New Guy From Oregon USA

Hi…

I’m retired for about the fourth time and love to tinker. Over the last 40 years I’ve owned a half dozen companies that started out in my basement or garage, which turned into successful businesses. I’ve also done consulting for other companies in a market and product development capacity.

My industry experience relates to laminating multiple layers of thin veneers into 3D shapes for the fenestration industry, and later on in supplying the military with armor laminated out of Spectra, Kevlar, S-2 Glass and other high performance materials using a variety of resins and binders.

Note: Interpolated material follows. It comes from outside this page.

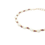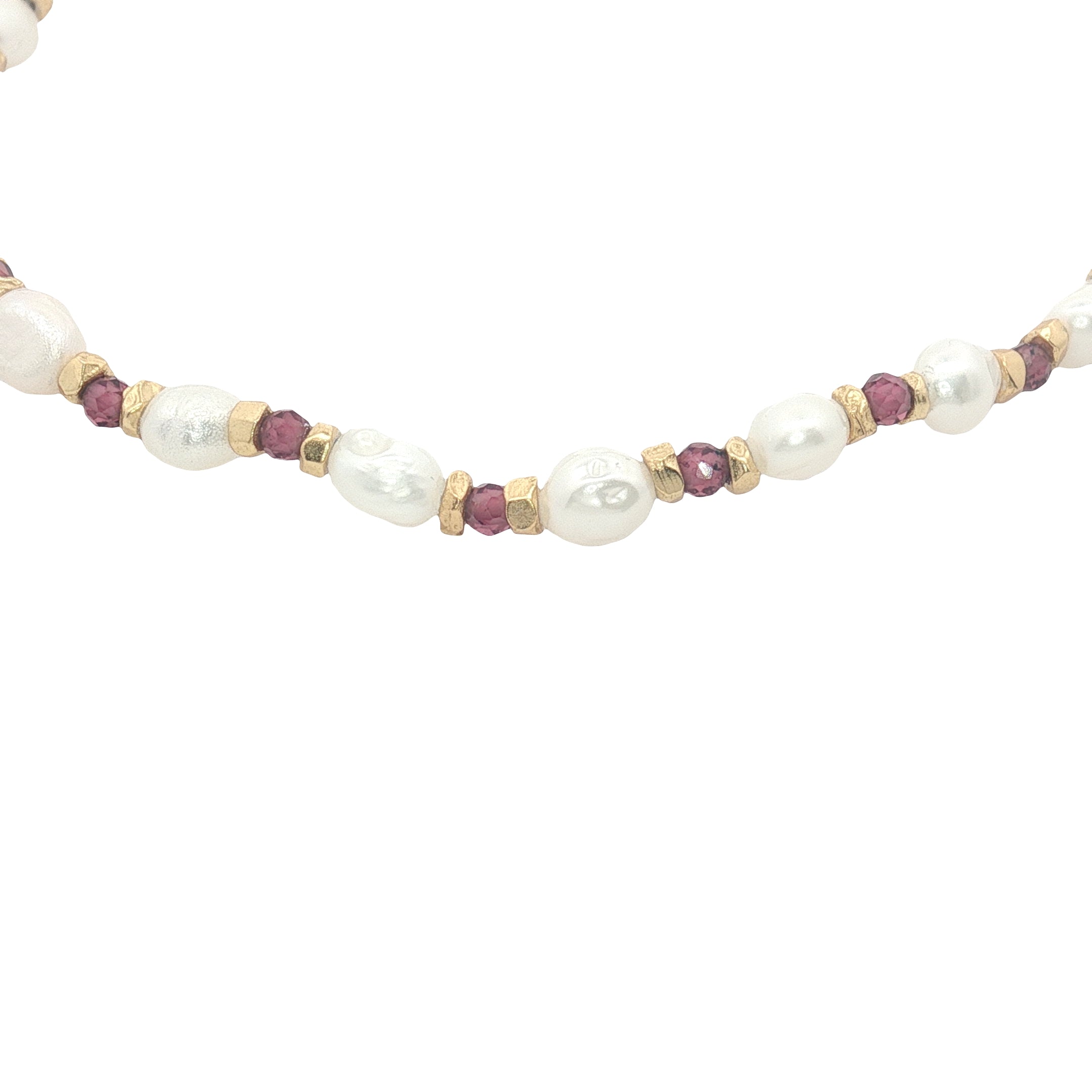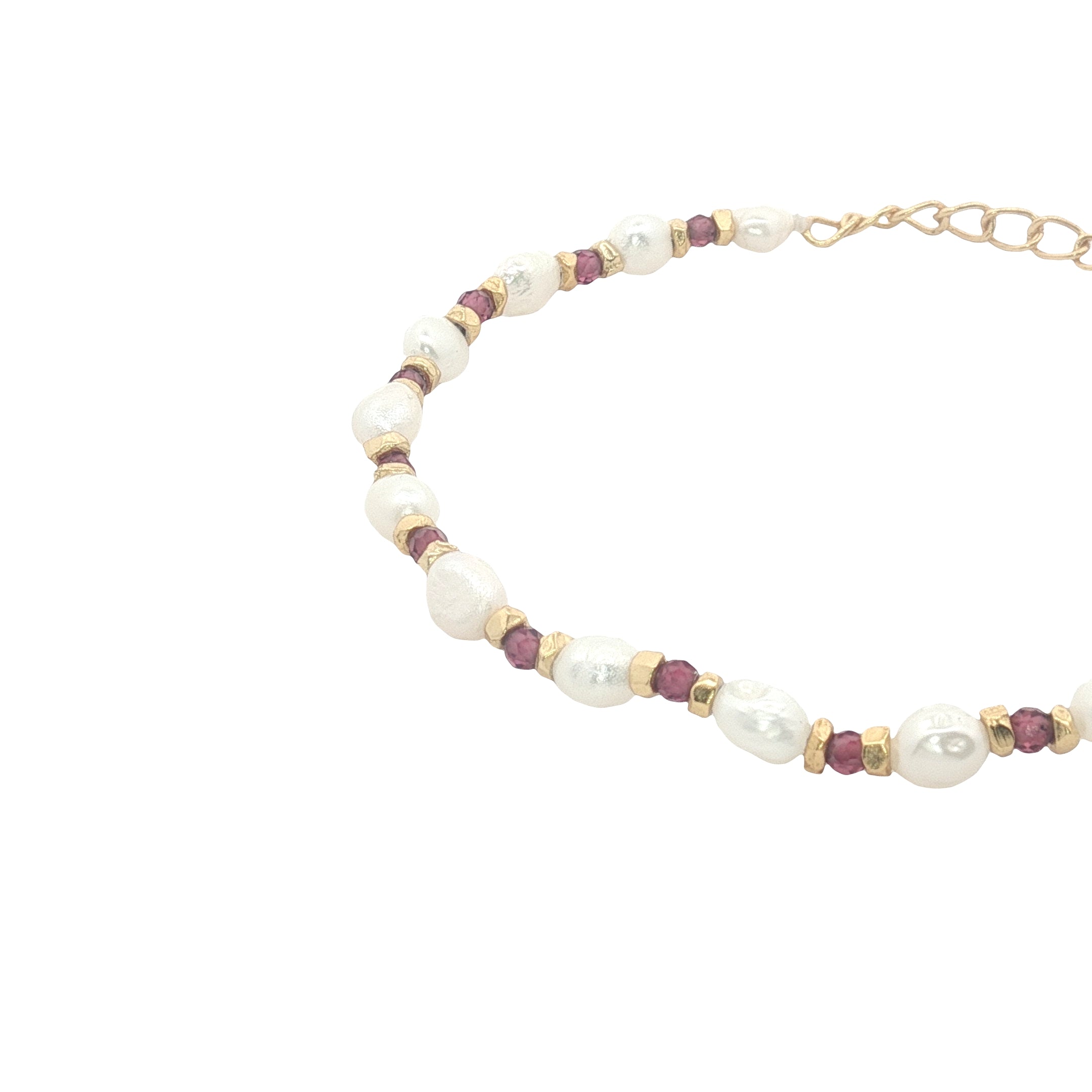 Bracelet avec alternance de perles de culture irrégulières, perles dorées et grenat
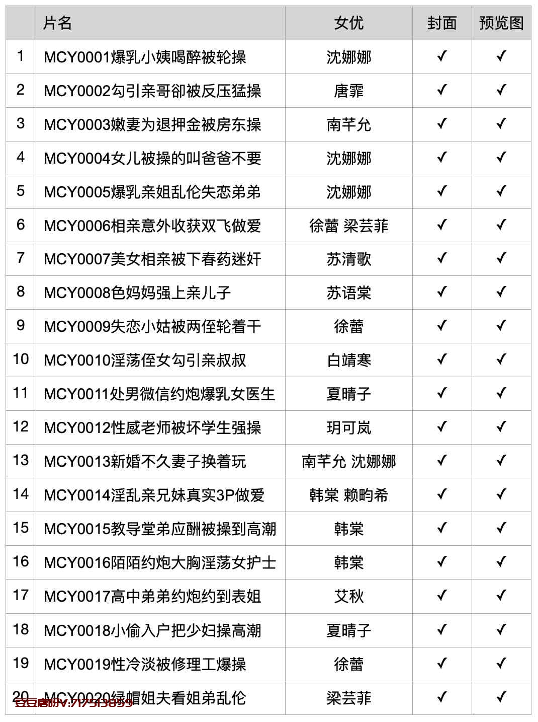 麻豆的这个MCY系列是今年5月份才开始发行的,短短一个月时间里已经发了20部片子。看到水印大家都知道又是那个大赞助商的手段了。虽说水印大又多,但麻豆的出品肯定是信心保证!这系列用的都是麻豆的资深女优,内容也是环绕家庭的,可能这样比较容易操作,也可以迅速的在短期内制作出品。系列不错,都是大家熟悉的女优再一次在镜头前证明自己的价值!

My avocation is woodworking and I’m a guitar builder. Many of the instruments I’ve built use a myriad of material combinations that include veneer and composites in areas like the neck and body to give them both flexibility and strength, using vacuum bag and flat laminating technology.

Other than in a hobby setting building guitars, I have no hands-on production experience at all when it comes to laminating veneers or composites, as the work I’ve done has been in an administration capacity, so my knowledge is limited when it comes to processes and technique.

Most recently, I’ve been dabbling with composites making RTV silicon molds to inject hot wax for plugs used to make investment cast parts out of 4130 – 4149 steel, stainless, and aluminum that I have a foundry cast for me then sell the components online.

I have some product ideas using veneers and composites formed into 3D shapes I’d like to pursue that would complement the investment cast components I’m making and selling on line, which would be a culmination of everything I know to date about these processes and materials.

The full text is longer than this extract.